● About this exercise: A faithful copy is needed of the lines below from the one with "Description: A sunset" up to and including the one with "とても良い映画でした。奥さん"; set it down with no pictures and no other lines.

● Exercise data:
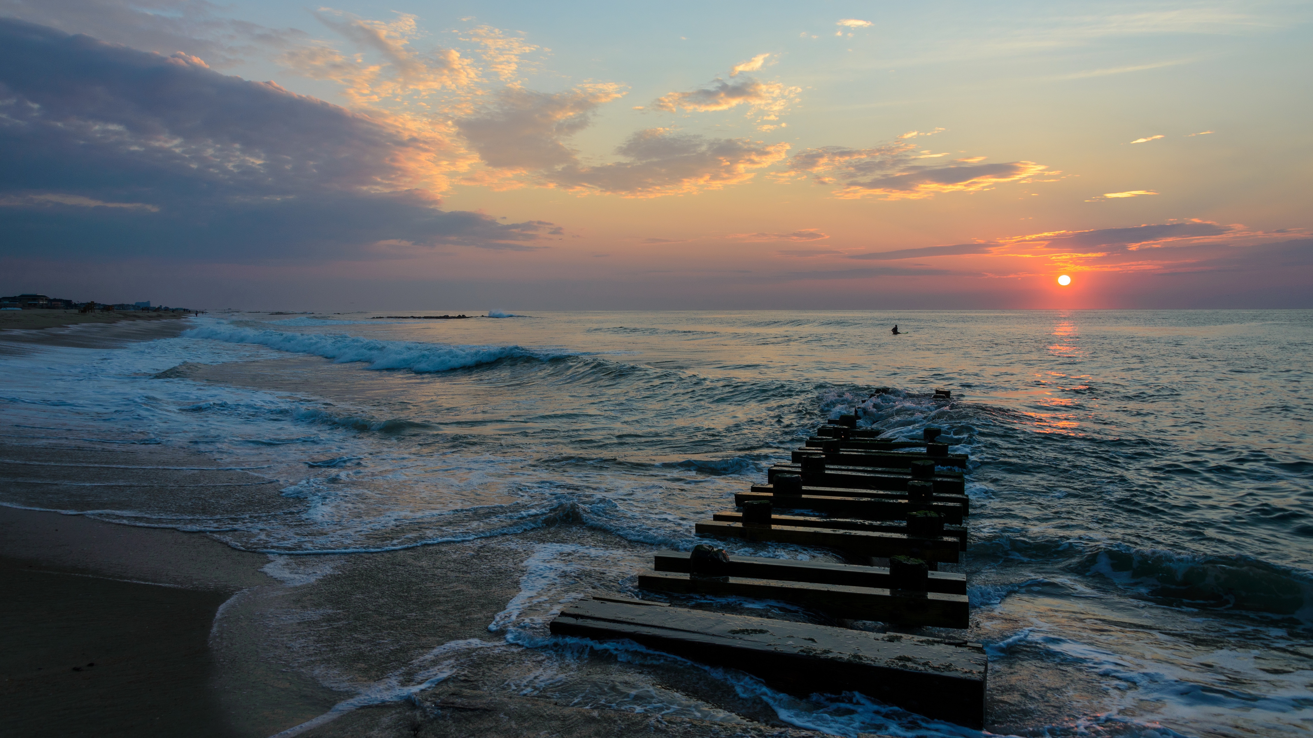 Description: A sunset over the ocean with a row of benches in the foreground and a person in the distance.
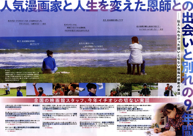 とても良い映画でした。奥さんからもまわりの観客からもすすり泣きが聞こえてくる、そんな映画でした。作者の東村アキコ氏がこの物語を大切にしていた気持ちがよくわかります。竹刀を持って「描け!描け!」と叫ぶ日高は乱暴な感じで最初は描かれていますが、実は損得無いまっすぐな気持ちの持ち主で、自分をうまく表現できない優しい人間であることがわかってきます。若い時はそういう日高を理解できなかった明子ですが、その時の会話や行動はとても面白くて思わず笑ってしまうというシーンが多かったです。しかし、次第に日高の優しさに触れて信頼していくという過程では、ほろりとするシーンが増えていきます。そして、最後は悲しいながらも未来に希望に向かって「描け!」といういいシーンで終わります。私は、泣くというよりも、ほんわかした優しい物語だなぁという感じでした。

* * *

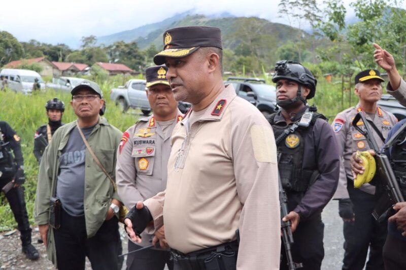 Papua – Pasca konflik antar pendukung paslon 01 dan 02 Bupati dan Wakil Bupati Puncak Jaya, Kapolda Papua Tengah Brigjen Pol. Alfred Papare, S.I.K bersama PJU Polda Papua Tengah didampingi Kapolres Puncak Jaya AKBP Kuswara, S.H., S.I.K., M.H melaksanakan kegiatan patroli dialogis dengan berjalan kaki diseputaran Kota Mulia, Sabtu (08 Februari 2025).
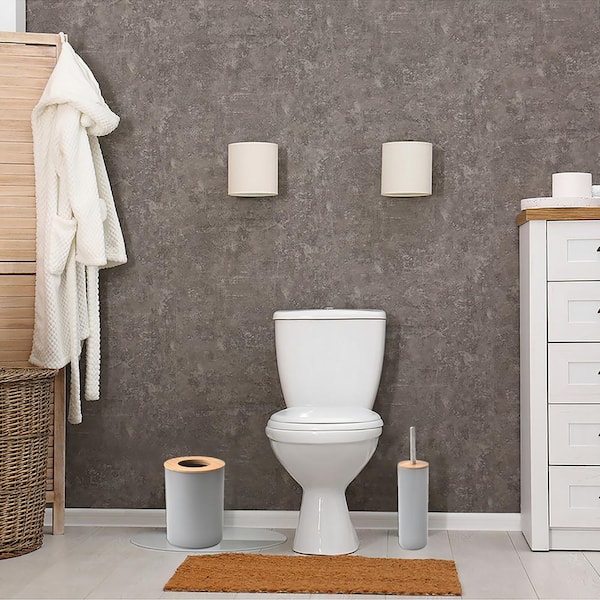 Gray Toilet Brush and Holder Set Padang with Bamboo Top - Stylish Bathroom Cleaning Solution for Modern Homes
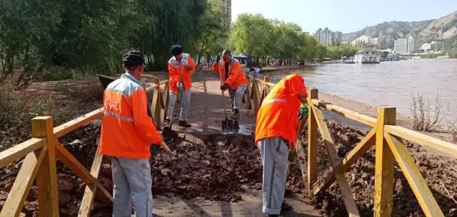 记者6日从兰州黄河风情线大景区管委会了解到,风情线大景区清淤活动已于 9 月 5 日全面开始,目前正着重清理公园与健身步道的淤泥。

---

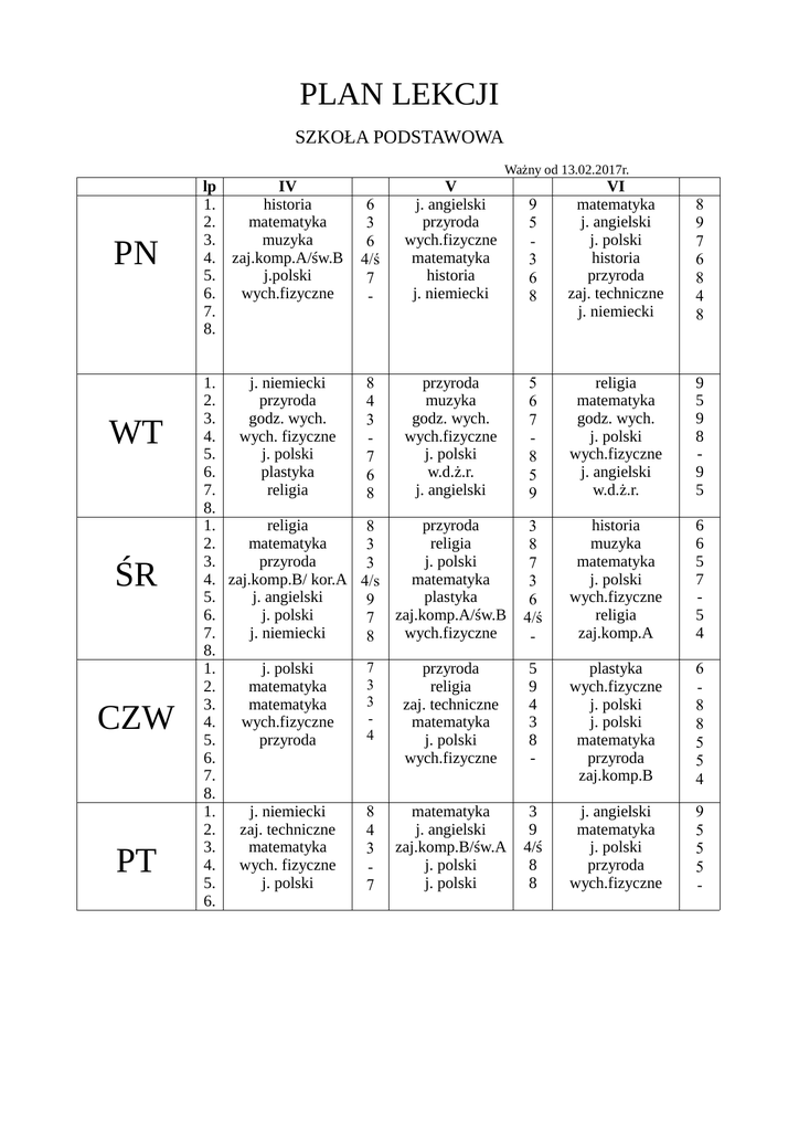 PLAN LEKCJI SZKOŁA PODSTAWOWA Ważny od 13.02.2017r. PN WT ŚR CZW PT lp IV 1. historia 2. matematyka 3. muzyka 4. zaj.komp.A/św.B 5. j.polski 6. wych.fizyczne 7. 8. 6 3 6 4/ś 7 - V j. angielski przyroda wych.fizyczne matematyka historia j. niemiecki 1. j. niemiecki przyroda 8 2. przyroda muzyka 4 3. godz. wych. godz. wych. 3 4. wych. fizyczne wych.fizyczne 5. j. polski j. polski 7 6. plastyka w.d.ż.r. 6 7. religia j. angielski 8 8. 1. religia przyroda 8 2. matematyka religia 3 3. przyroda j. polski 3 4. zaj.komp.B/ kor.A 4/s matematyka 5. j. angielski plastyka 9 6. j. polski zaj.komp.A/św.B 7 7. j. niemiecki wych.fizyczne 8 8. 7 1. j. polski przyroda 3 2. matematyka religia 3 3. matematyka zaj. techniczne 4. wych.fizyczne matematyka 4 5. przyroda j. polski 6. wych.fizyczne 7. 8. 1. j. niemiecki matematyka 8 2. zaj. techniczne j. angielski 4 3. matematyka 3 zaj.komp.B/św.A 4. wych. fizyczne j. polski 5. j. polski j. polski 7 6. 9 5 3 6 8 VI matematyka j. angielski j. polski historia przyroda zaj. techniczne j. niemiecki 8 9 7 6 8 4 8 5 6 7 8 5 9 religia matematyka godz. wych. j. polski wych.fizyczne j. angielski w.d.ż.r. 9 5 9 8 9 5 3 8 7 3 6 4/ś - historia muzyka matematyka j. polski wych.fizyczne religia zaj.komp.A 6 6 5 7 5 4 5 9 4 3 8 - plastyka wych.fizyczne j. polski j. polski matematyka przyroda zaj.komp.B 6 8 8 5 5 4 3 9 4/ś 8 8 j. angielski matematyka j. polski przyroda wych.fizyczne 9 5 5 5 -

● Exercise answer:
 Description: A sunset over the ocean with a row of benches in the foreground and a person in the distance.
 とても良い映画でした。奥さんからもまわりの観客からもすすり泣きが聞こえてくる、そんな映画でした。作者の東村アキコ氏がこの物語を大切にしていた気持ちがよくわかります。竹刀を持って「描け!描け!」と叫ぶ日高は乱暴な感じで最初は描かれていますが、実は損得無いまっすぐな気持ちの持ち主で、自分をうまく表現できない優しい人間であることがわかってきます。若い時はそういう日高を理解できなかった明子ですが、その時の会話や行動はとても面白くて思わず笑ってしまうというシーンが多かったです。しかし、次第に日高の優しさに触れて信頼していくという過程では、ほろりとするシーンが増えていきます。そして、最後は悲しいながらも未来に希望に向かって「描け!」といういいシーンで終わります。私は、泣くというよりも、ほんわかした優しい物語だなぁという感じでした。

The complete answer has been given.